Professional ratings
Review scores
| Source | Rating |
| Filmtracks | Star |

==Reception==
Cocoon received mostly positive critical reception. The film holds an 82% "Fresh" rating on Rotten Tomatoes from 49 critics. The critical consensus reads: "Though it may be too sentimental for some, Ron Howard's supernatural tale of eternal youth is gentle and heartwarming, touching on poignant issues of age in the process". Metacritic gave the film a score of 65 based on 18 reviews, indicating "generally favorable" reviews.

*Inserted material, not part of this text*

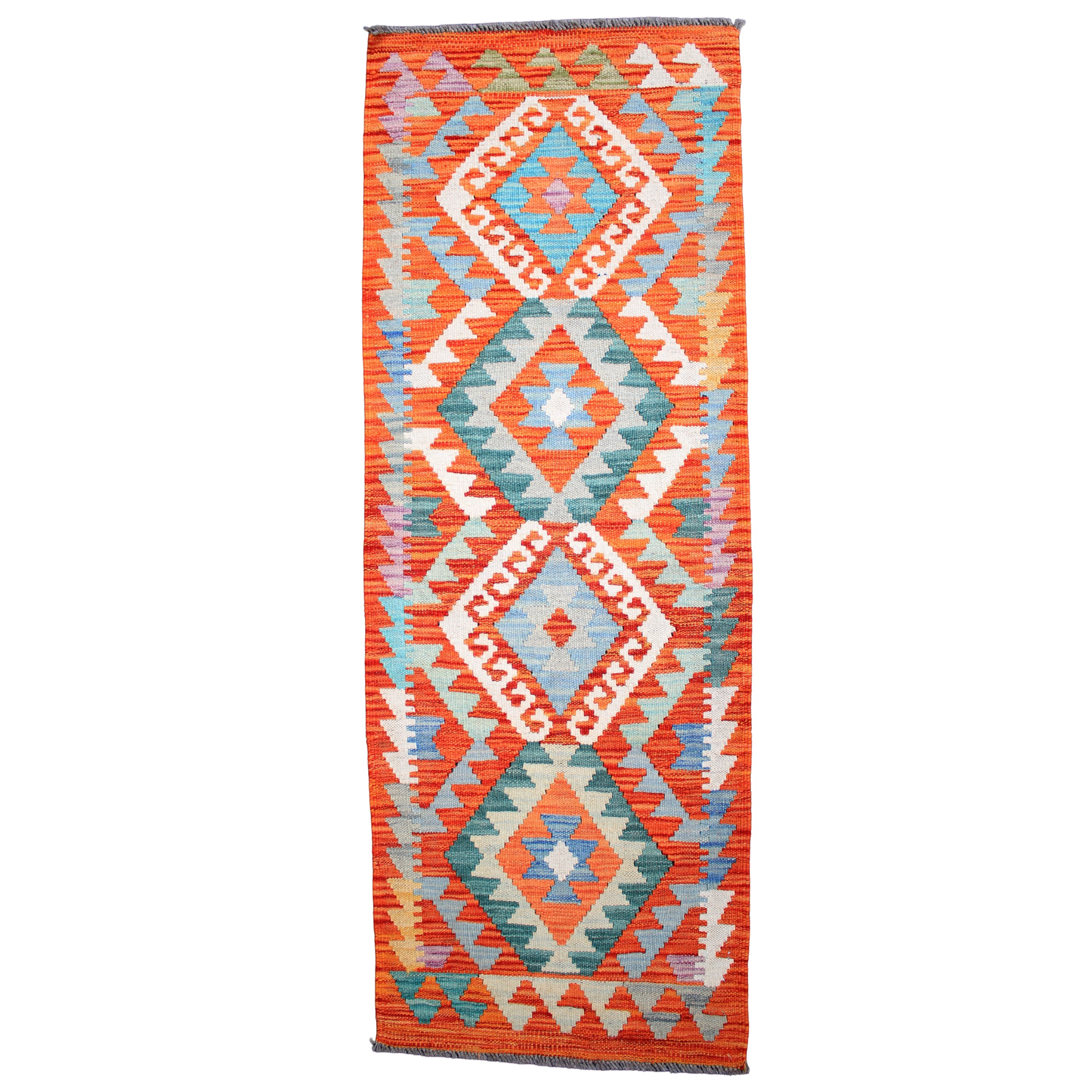 This Kelim runner, handwoven in Maimana, Northern Afghanistan, uses local, mostly vegetable dyes to achieve its bold and bright colouration. This kelim runner is entirely unique in both geometric patterning and design positioning. After the production process using hand-spun wools and a horizontal loom, the kelims are then washed in Lahore, Pakistan. There will be subtle irregularities in pattern and colour which is characteristic of the craft process.

The film was also a box office hit, making over $76 million in North America where it became the sixth highest-grossing film of 1985.

===Critical response===
Janet Maslin of The New York Times wrote that "Mr. Howard brings a real sweetness to his subject, as does the film's fine cast of veteran stars; he has also given Cocoon the bright, expansive look of a hot-weather hit. And even when the film begins to falter, as it does in its latter sections, Mr. Howard's touch remains reasonably steady. He does the most he can with material that, after an immensely promising opening, heads into the predictable territory of Spielberg-inspired beatific science fiction". Variety called it "a fountain of youth fable, which imaginatively melds galaxy fantasy with the lives of aging mortals in a Florida retirement home [and] weaves a mesmerizing tale".

==Accolades==

| Award | Category | Nominee(s) | Result | Ref. |
| Academy Awards | Best Supporting Actor | Don Ameche | Won |  |
| Best Visual Effects | Ken Ralston, Ralph McQuarrie, Scott Farrar, and David Berry | Won |
| Artios Awards | Best Casting for Feature Film – Drama | Penny Perry and Beverly McDermott | Nominated |  |
| Directors Guild of America Awards | Outstanding Directorial Achievement in Motion Pictures | Ron Howard | Nominated |  |
| Golden Globe Awards | Best Motion Picture – Musical or Comedy |  | Nominated |  |
| Hugo Awards | Best Dramatic Presentation | Ron Howard, Tom Benedek, and David Saperstein | Nominated |  |
| Saturn Awards | Best Science Fiction Film |  | Nominated |  |
| Best Director | Ron Howard | Won |
| Best Actor | Hume Cronyn | Nominated |
| Best Actress | Jessica Tandy | Nominated |
| Best Supporting Actress | Gwen Verdon | Nominated |
| Best Writing | Tom Benedek | Nominated |
| Best Music | James Horner | Nominated |
| ShoWest Convention | Director of the Year Award | Ron Howard | Won |  |
| Producer of the Year | David Brown, Richard D. Zanuck, and Lili Fini Zanuck | Won |
| Venice Film Festival | Young Venice Award | Ron Howard | Won |  |
| Writers Guild of America Awards | Best Screenplay – Written Directly for the Screen | Tom Benedek | Nominated |  |
| Young Artist Awards | Best Family Motion Picture – Drama |  | Won |  |

==Brimley/Cocoon line meme==
Wilford Brimley's age during the production and release of the film has been the subject of a popular Internet meme concerning aging. Brimley, who was only 50 years old when the film was released, was relatively young to play a senior citizen. When Tom Cruise turned 50 in 2012, many juxtaposed his role in the ongoing Mission: Impossible franchise to Brimley's role in Cocoon, noting that Cruise was continuing to headline a major action franchise at the same age Brimley played an aging senior (coincidentally, both Cruise and Brimley starred together in The Firm in 1993). This has resulted in the Brimley/Cocoon line meme, in which an actor who reaches 18,530 days of age (the exact age Brimley was when Cocoon premiered) has crossed it. A 2018 article in The New Yorker by Ian Crouch argued that the meme highlighted how perceptions of aging have changed since the release of Cocoon.